Ces indicateurs peuvent varier d’un pays à l’autre. C’est le cas pour la matière, l’énergie et la main-d’œuvre. « Nous déterminons des prix objectifs par pays où nous pourrions acheter nos différents produits et nous les transmettons à nos acheteurs géographiques. Enfin, nous déterminons la meilleure zone de sourcing en fonction des retours de consultation des différents acheteurs géographiques et de l’analyse des écarts par rapport à nos prix objectifs. Si l’intérêt est manifeste, il est probable que nous allons nous mettre davantage au sourcing dans les pays à bas coûts », poursuit Philippe Chazal.
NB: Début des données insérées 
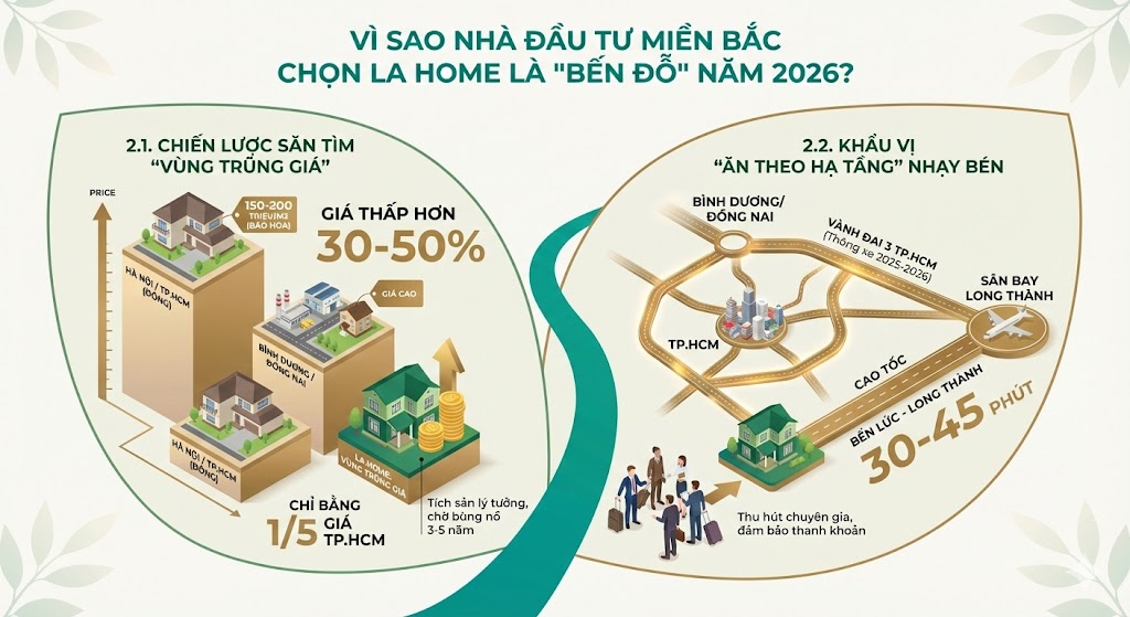 Dòng vốn từ nhà đầu tư miền Bắc (Hà Nội, Hải Phòng, Quảng Ninh) đang đổ bộ mạnh mẽ vào dự án LA Home nhờ vị thế “vùng trũng giá” hiếm hoi còn sót lại tại cửa ngõ TP.HCM. Khác với sự bão hòa tại thị trường phía Bắc hay khu Đông Sài Gòn, LA Home mang đến một bài toán đầu tư hấp dẫn với biên độ lợi nhuận rộng mở.
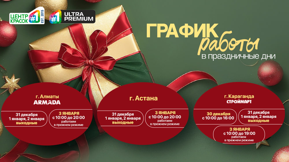 В период новогодних праздников магазины «Центр Красок #1» будут работать по изменённому графику. Просим вас заранее ознакомиться с режимом работы, чтобы удобно спланировать покупки.
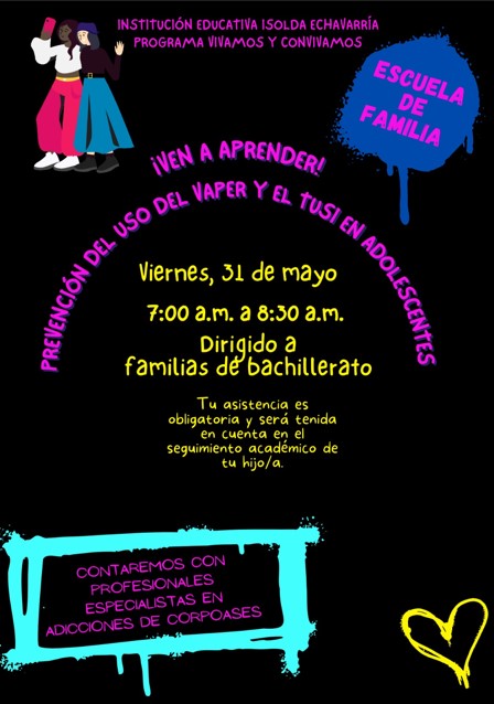 Les invitamos a la escuela de familia sobre la prevención del uso del vaper y el tusi en adolescentes, dirigido a familias de Bachillerato. ...
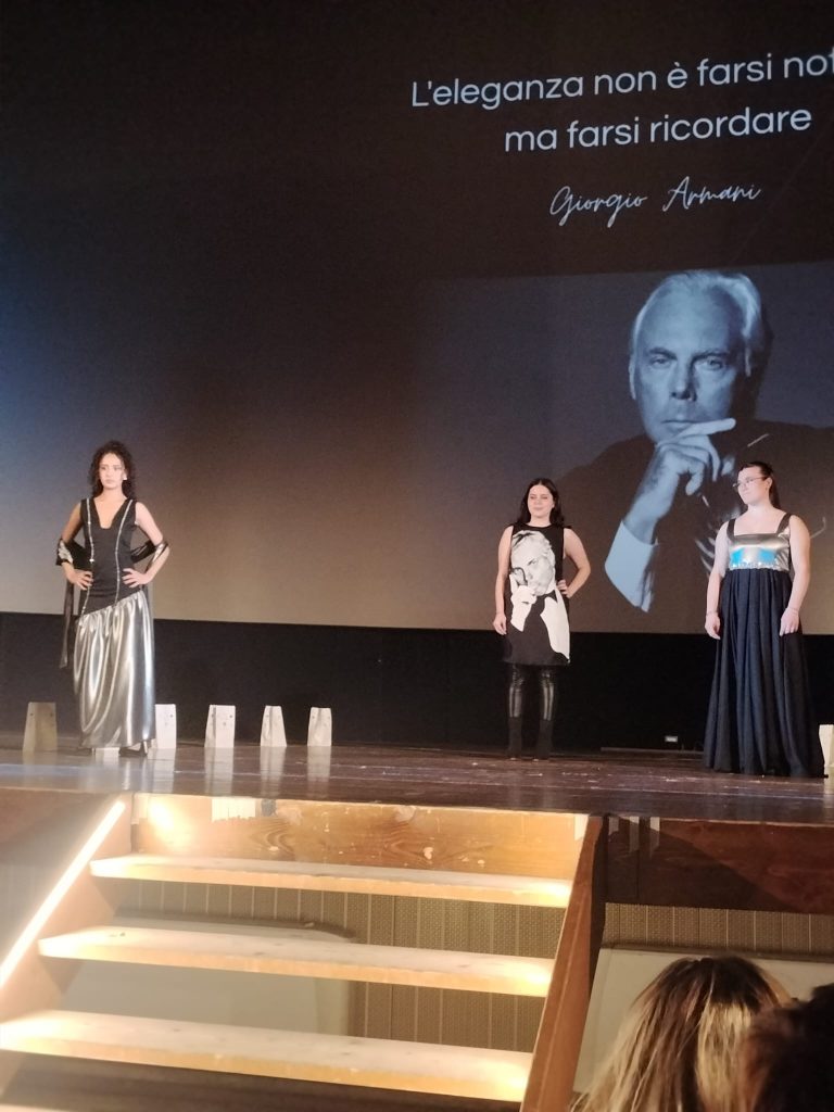 Le creazioni del corso Moda hanno incantato e sorpreso, in un crescendo che ha attraverso i grandi nomi del fashion design del Novecento e sono culminati nell’atto finale ispirato al grande Giorgio Armani recentemente scomparso.
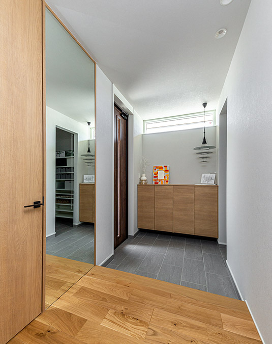 高窓から柔らかい光が回り込む明るい玄関。玄関ドア正面の開口は土間続きの玄関クローゼットにつながります。建具の枠と一體的にデザインしたミラーは空間に溶け込み、映り込みの効果によって面積以上の広さが體感できます。
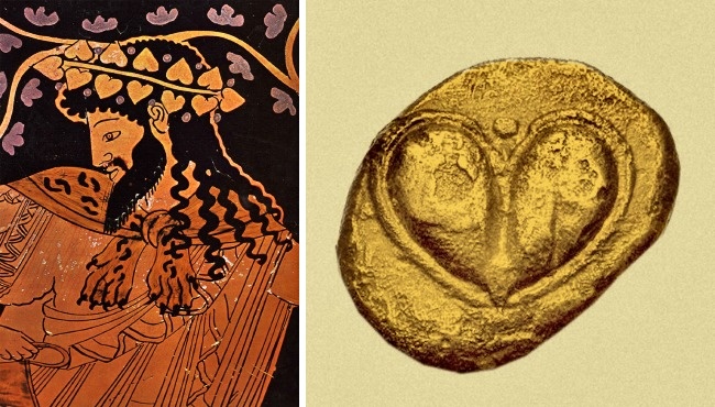 Также есть версия, что данный знак - это форма листика плюща. На вазе у греков он обычно изображался вместе с Дионисом - богом виноделия, покровителем страсти.
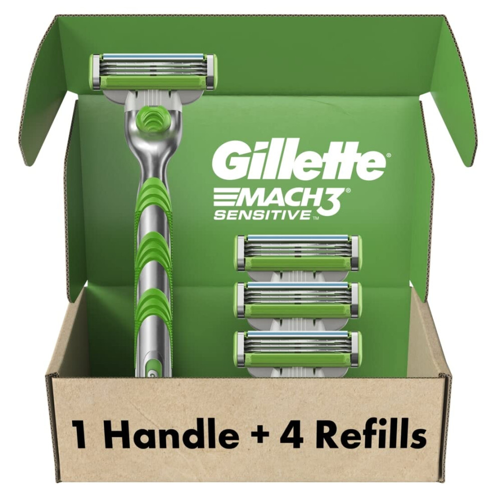 Gillette Mach3 Sensitive Razors for Men 1 Razor 5 Razor Blade Refills Designed for Sensitive Skin
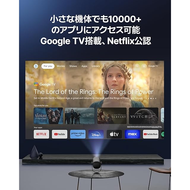 Google TVとライセンスを受けたNetflix:40万本以上の映画や番組が待っています!公式Netflix、簡単なキャスティング、音声コントロールをこのポータブルプロジェクターでお楽しみください。
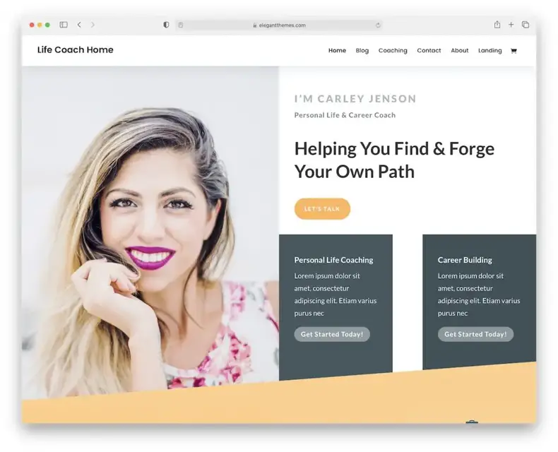 LifeGuide è un tema WordPress pulito, professionale, intuitivo e moderno per personal trainer, life coach, mentori e relatori motivazionali.

Des prix plus transparents

Et le groupe privilégie aussi des objectifs de qualité, de coût et de délai. La qualité par produit est définie par la direction de la qualité ACI et le rôle de l’acheteur est d’inciter le fournisseur à respecter l’objectif fixé, inférieur à 30 PPM. Pour que le délai soit mieux respecté, le taux de service est fixé à 100 %. Dans un contexte de baisse des prix des équipements automobiles, la réduction des coûts ne doit pas avoir lieu au détriment de la qualité et du délai. « Nous comptons obtenir une baisse plus importante en accroissant la transparence des prix. À cette fin, nous procédons avec nos fournisseurs à une décomposition des coûts. Ce qui permet de détecter les gisements potentiels de productivité en soulignant les écarts trop importants par rapport à la décomposition du prix objectif. Ce retour d’information est aussi très apprécié par nos fournisseurs : il met en évidence les gisements de productivité nécessaires à l’amélioration de leur compétitivité vis-à-vis de leurs concurrents », conclut Philippe Chazal.

 

Portrait

Philippe Chazal (47 ans, ingénieur et école de commerce) a effectué l'ensemble de sa carrière chez Renault à différentes fonctions : responsable de la gestion des coûts garantie de Renault UK, directeur après- ventes de Renault Autriche, chef de service achats édition et communication en France, puis chef du service achats de pièces et composants pour ACI.


 

En chiffres

ACI
Équipementier automobile
Chiffre d’affaires : 1 milliard d'euros
Effectif total : 4 000 personnes
Montant des achats :
> pièces et composants : 550 millions d'euros
> biens d'équipement : 100 millions d'euros
> prestations et produits hors fabrication (fluides, énergie, consommables) : 50 millions d'euros
Effectif achats : 50 personnes


 

L'organisation achats

ACI dispose d'acheteurs géographiques et d'acheteurs métiers. Les premiers sont localisés dans une zone géographique comme la Chine, le Brésil, l'Iran et la Roumanie. Ils reçoivent un mois de formation en France où ils sont initiés aux différents dossiers et aux techniques de négociation. Les acheteurs métiers, basés au siège, sont chargés du marketing achats dans le monde : ils surveillent les marchés, déterminent et proposent des objectifs calculés en fonction de différents para- mètres économiques. Ils déterminent ainsi des prix objectifs qu'ils transmettent aux acheteurs géographiques, chargés de la négociation et du contact avec les fournisseurs. Le service gère plusieurs familles d'achats : les composants comme les rotules ou les articulations, les pièces forgées ou en fonte comme des disques de freins, les pièces embouties et la tôle, essentiellement des aciers plats laminés à chaud qui imposent une contrainte de proximité avec les fournisseurs.